Re^2TAL: Rewiring Pretrained Video Backbones for Reversible Temporal Action Localization
This work addresses a memory bottleneck in video analysis for researchers and practitioners, offering an incremental improvement by enabling efficient end-to-end training with existing models.
The paper tackles the challenge of training temporal action localization (TAL) models end-to-end on long videos due to GPU memory constraints, proposing Re^2TAL, a method that rewires pretrained video backbones with reversible modules to clear intermediate activations from memory, achieving state-of-the-art results of 37.01% average mAP on ActivityNet-v1.3 and 64.9% mAP at tIoU=0.5 on THUMOS-14.

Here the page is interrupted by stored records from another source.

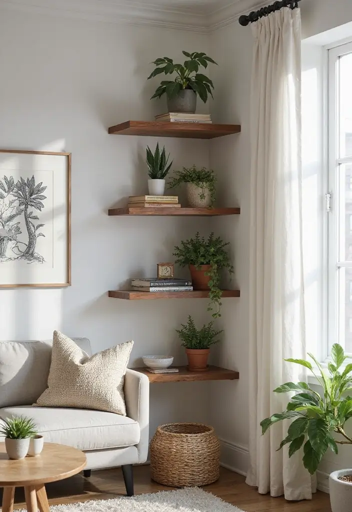 Corner shelves can transform even the most overlooked spaces into functional and stylish areas, perfect for showcasing your favorite reads and decor.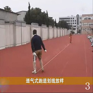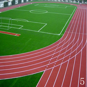 特点:由塑胶黏合废旧橡胶黑颗粒为底层,面层用聚氨酯颗粒与塑胶浆掺混喷涂。透气型塑胶跑道一般主跑道13mm,颜色为红色,辅助区厚度9mm,颜色为绿色。透气型塑胶跑道除具有其它形式的优点外还具有渗水、透气性,也能全天候使用,它是最经济、价格最低廉,而且不会有鼓泡现象发生,同时也减少了地基经费的投入,它适用于建造非正规的中小学田径场地铺设。透气型塑胶跑道使用年限可达到6年以上。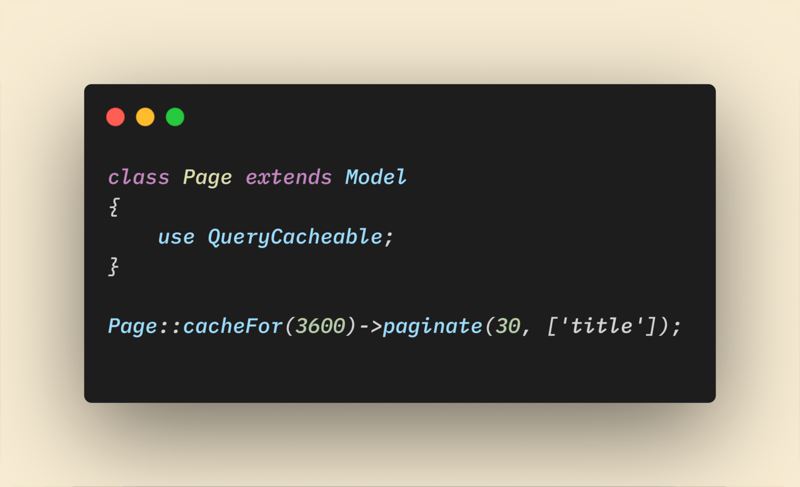 use QueryCacheable;  protected $cacheFor = 180; // 3 minutes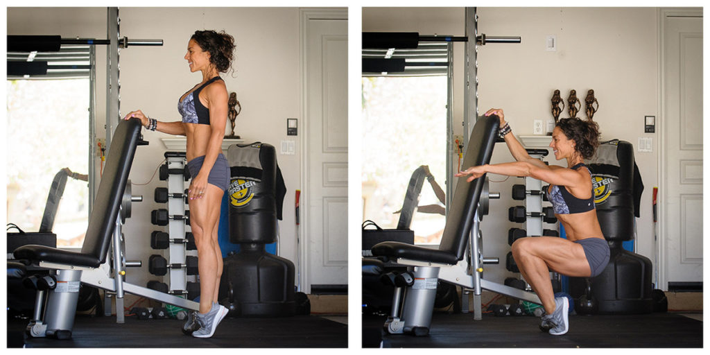 Станьте позади стула. Положите одну руку на спинку стула — вторая рука должна свободно лежать вдоль тела. Став на носочки, выполняйте присед, вытягивая свободную руку вперед для равновесия. Во время этого вида приседания ваши колени будут выходить за линию носков — это нормально.

Temporal action localization (TAL) requires long-form reasoning to predict actions of various durations and complex content. Given limited GPU memory, training TAL end to end (i.e., from videos to predictions) on long videos is a significant challenge. Most methods can only train on pre-extracted features without optimizing them for the localization problem, consequently limiting localization performance. In this work, to extend the potential in TAL networks, we propose a novel end-to-end method Re2TAL, which rewires pretrained video backbones for reversible TAL. Re2TAL builds a backbone with reversible modules, where the input can be recovered from the output such that the bulky intermediate activations can be cleared from memory during training. Instead of designing one single type of reversible module, we propose a network rewiring mechanism, to transform any module with a residual connection to a reversible module without changing any parameters. This provides two benefits: (1) a large variety of reversible networks are easily obtained from existing and even future model designs, and (2) the reversible models require much less training effort as they reuse the pre-trained parameters of their original non-reversible versions. Re2TAL, only using the RGB modality, reaches 37.01% average mAP on ActivityNet-v1.3, a new state-of-the-art record, and mAP 64.9% at tIoU=0.5 on THUMOS-14, outperforming all other RGB-only methods.